What the task asks: All that is wanted is the exact text of the lines below from the one with "Nguyễn Thúc Thùy" through the one with "結論から言うと、ホテルズドッ", inclusive, minus any pictures.

Information supplied: Begin

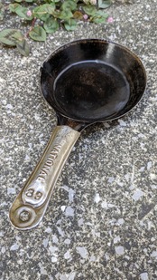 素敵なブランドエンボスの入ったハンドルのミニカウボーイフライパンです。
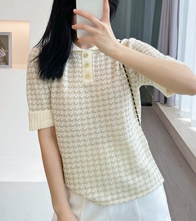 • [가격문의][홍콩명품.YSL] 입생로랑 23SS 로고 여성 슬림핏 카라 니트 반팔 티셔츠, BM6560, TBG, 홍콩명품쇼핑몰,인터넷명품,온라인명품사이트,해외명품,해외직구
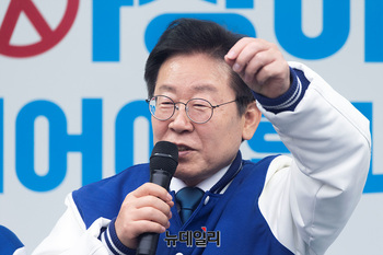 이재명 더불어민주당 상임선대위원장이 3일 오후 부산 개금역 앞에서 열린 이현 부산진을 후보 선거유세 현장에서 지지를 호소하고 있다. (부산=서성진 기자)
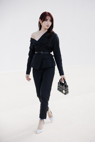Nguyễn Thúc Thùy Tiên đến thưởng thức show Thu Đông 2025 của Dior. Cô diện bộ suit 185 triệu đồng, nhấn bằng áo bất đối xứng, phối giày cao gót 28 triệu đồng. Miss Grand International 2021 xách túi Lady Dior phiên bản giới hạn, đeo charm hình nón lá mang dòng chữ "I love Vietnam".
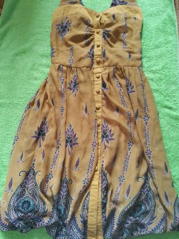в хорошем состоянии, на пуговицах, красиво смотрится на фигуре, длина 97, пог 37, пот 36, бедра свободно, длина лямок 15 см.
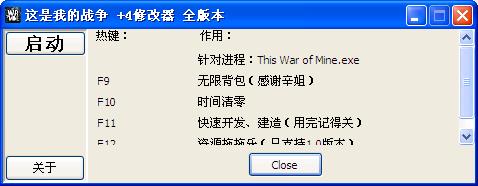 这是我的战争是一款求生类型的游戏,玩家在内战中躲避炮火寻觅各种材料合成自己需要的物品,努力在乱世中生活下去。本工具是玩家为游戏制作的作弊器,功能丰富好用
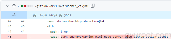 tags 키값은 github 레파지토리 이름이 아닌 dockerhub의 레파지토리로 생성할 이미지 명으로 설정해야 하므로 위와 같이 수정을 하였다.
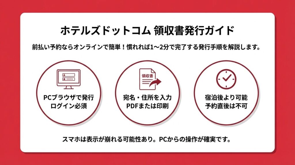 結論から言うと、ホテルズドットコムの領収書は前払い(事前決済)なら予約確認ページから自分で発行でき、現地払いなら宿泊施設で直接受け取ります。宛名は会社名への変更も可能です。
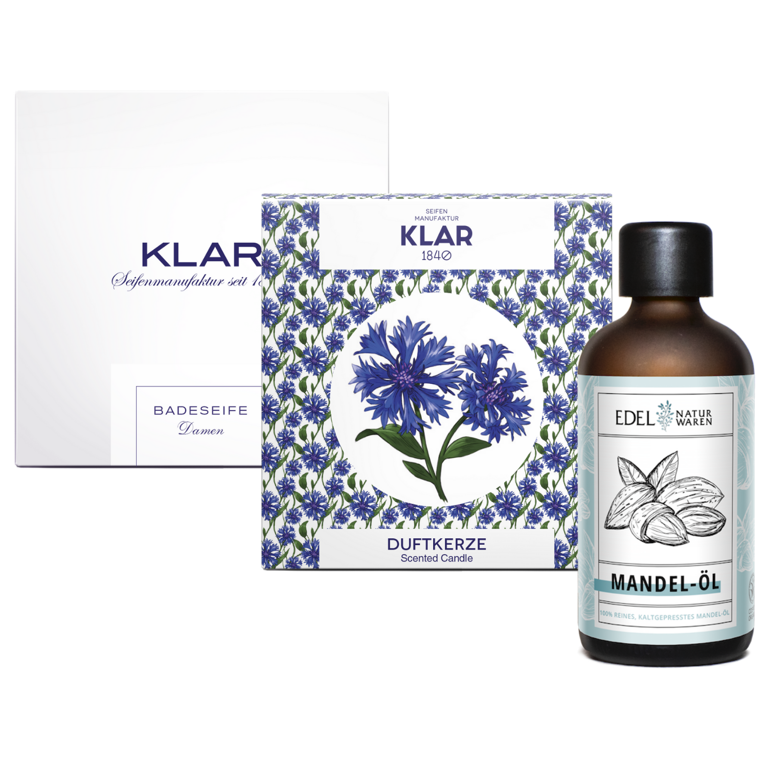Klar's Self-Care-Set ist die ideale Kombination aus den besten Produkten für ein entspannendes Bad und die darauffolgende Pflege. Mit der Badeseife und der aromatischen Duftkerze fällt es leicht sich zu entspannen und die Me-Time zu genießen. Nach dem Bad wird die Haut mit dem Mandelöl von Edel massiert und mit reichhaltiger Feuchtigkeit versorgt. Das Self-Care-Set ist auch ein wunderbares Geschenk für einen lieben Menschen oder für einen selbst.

Information supplied: End
Information supplied: Begin

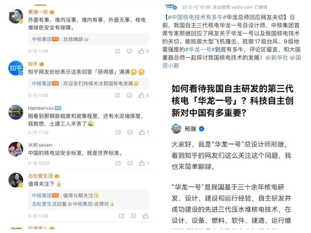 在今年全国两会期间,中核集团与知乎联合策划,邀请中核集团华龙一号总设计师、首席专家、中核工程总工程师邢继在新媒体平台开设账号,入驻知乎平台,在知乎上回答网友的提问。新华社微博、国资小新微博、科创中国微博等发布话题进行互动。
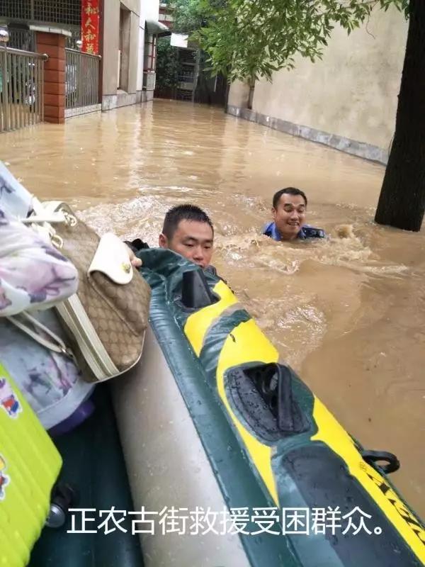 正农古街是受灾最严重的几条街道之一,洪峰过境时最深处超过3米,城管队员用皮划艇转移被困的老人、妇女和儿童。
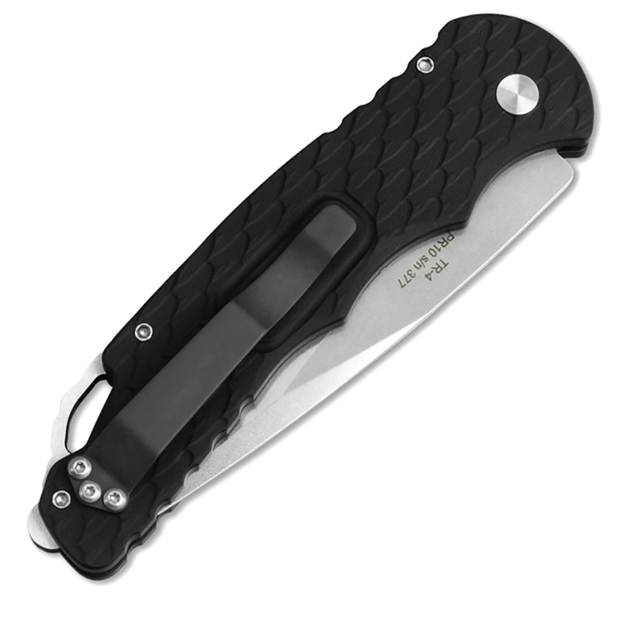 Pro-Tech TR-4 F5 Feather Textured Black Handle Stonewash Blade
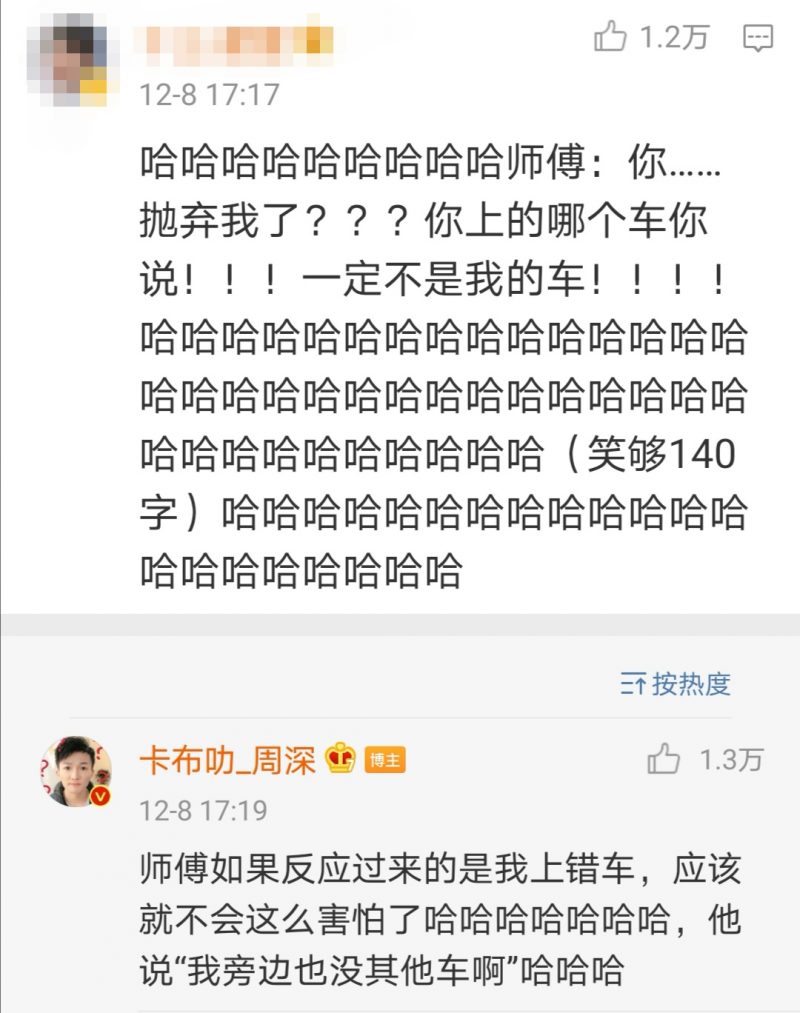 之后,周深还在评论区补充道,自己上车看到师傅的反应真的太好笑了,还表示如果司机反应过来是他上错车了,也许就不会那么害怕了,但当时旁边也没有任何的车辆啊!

Information supplied: End
Information supplied: Begin

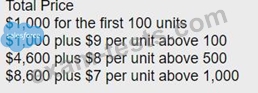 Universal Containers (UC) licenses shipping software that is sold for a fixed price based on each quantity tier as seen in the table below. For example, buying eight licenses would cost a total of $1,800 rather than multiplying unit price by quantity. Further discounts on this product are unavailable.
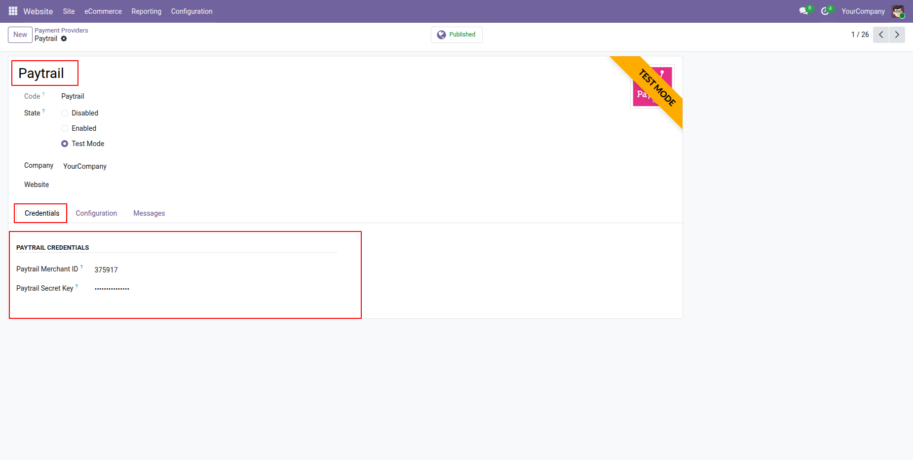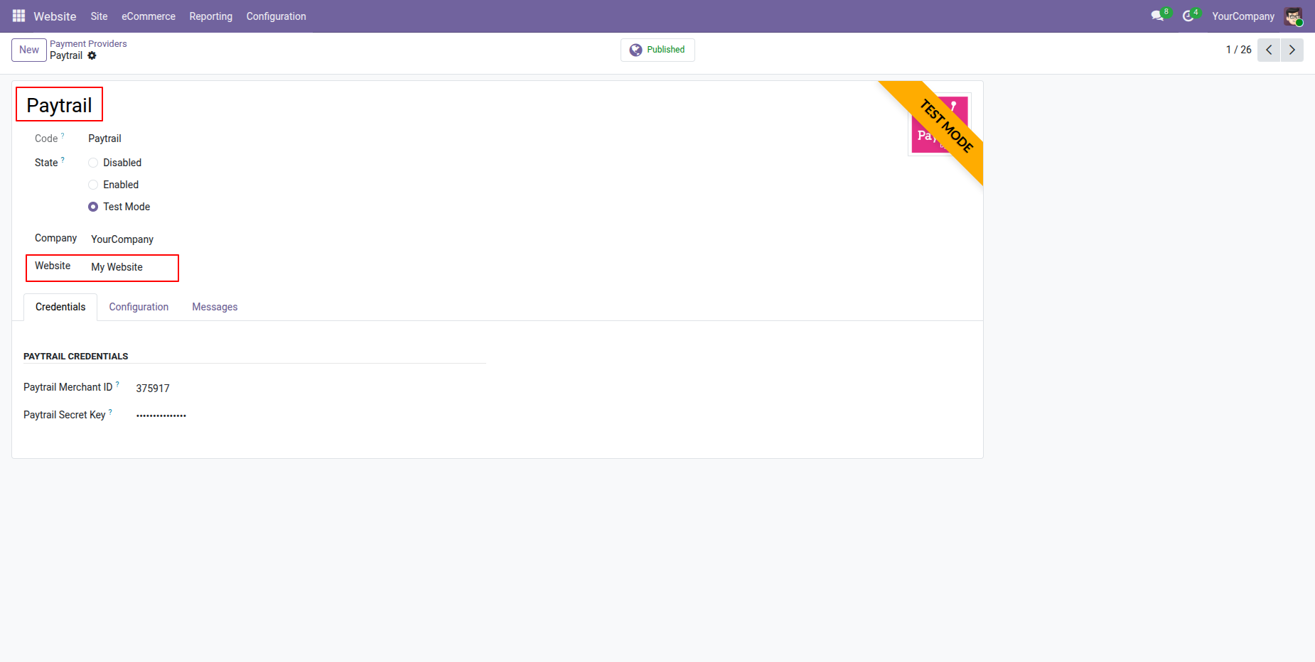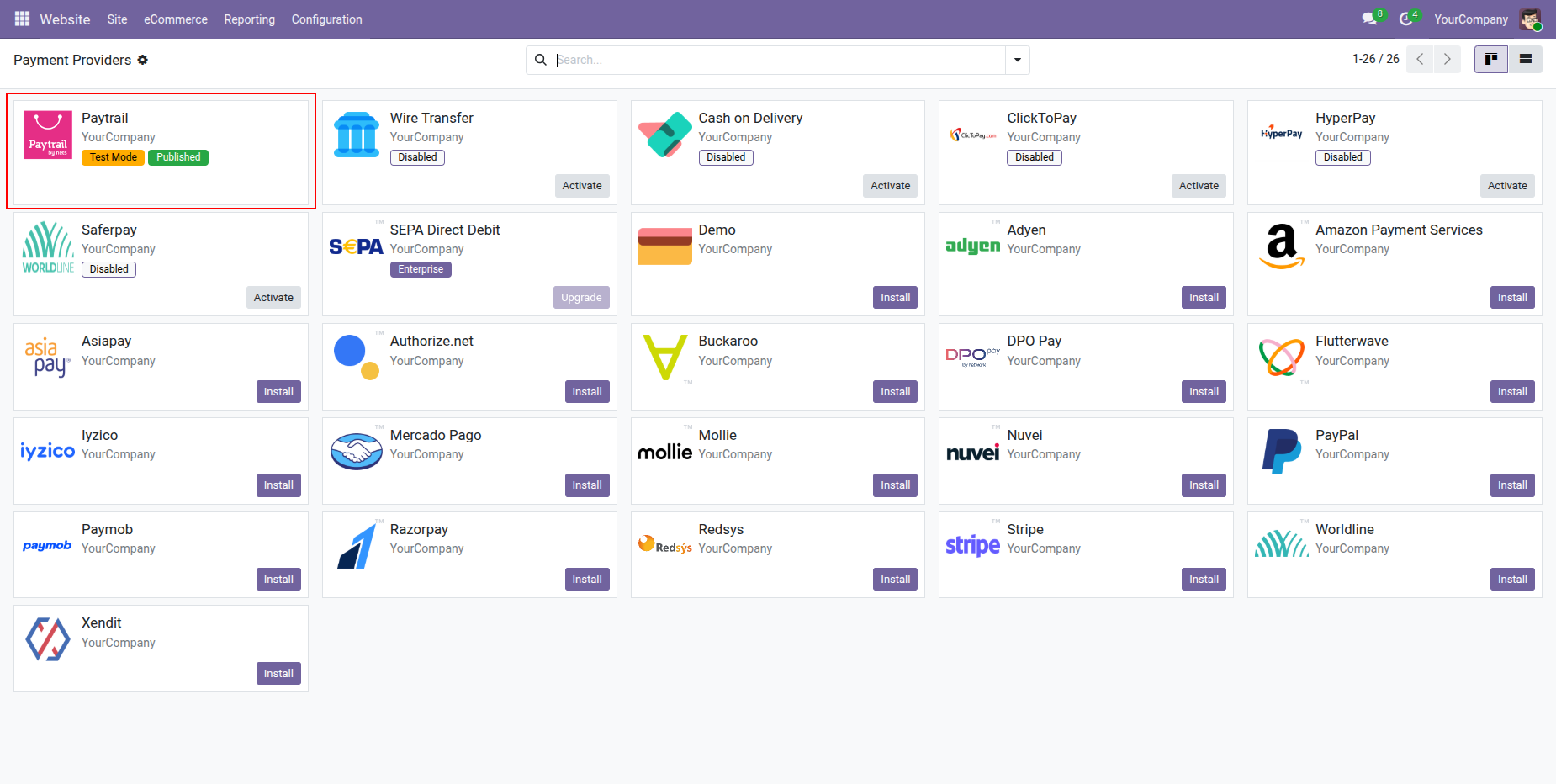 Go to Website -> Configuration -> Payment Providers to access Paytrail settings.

Information supplied: End

Reply to the task:
Nguyễn Thúc Thùy Tiên đến thưởng thức show Thu Đông 2025 của Dior. Cô diện bộ suit 185 triệu đồng, nhấn bằng áo bất đối xứng, phối giày cao gót 28 triệu đồng. Miss Grand International 2021 xách túi Lady Dior phiên bản giới hạn, đeo charm hình nón lá mang dòng chữ "I love Vietnam".
в хорошем состоянии, на пуговицах, красиво смотрится на фигуре, длина 97, пог 37, пот 36, бедра свободно, длина лямок 15 см.
 这是我的战争是一款求生类型的游戏,玩家在内战中躲避炮火寻觅各种材料合成自己需要的物品,努力在乱世中生活下去。本工具是玩家为游戏制作的作弊器,功能丰富好用
 tags 키값은 github 레파지토리 이름이 아닌 dockerhub의 레파지토리로 생성할 이미지 명으로 설정해야 하므로 위와 같이 수정을 하였다.
 結論から言うと、ホテルズドットコムの領収書は前払い(事前決済)なら予約確認ページから自分で発行でき、現地払いなら宿泊施設で直接受け取ります。宛名は会社名への変更も可能です。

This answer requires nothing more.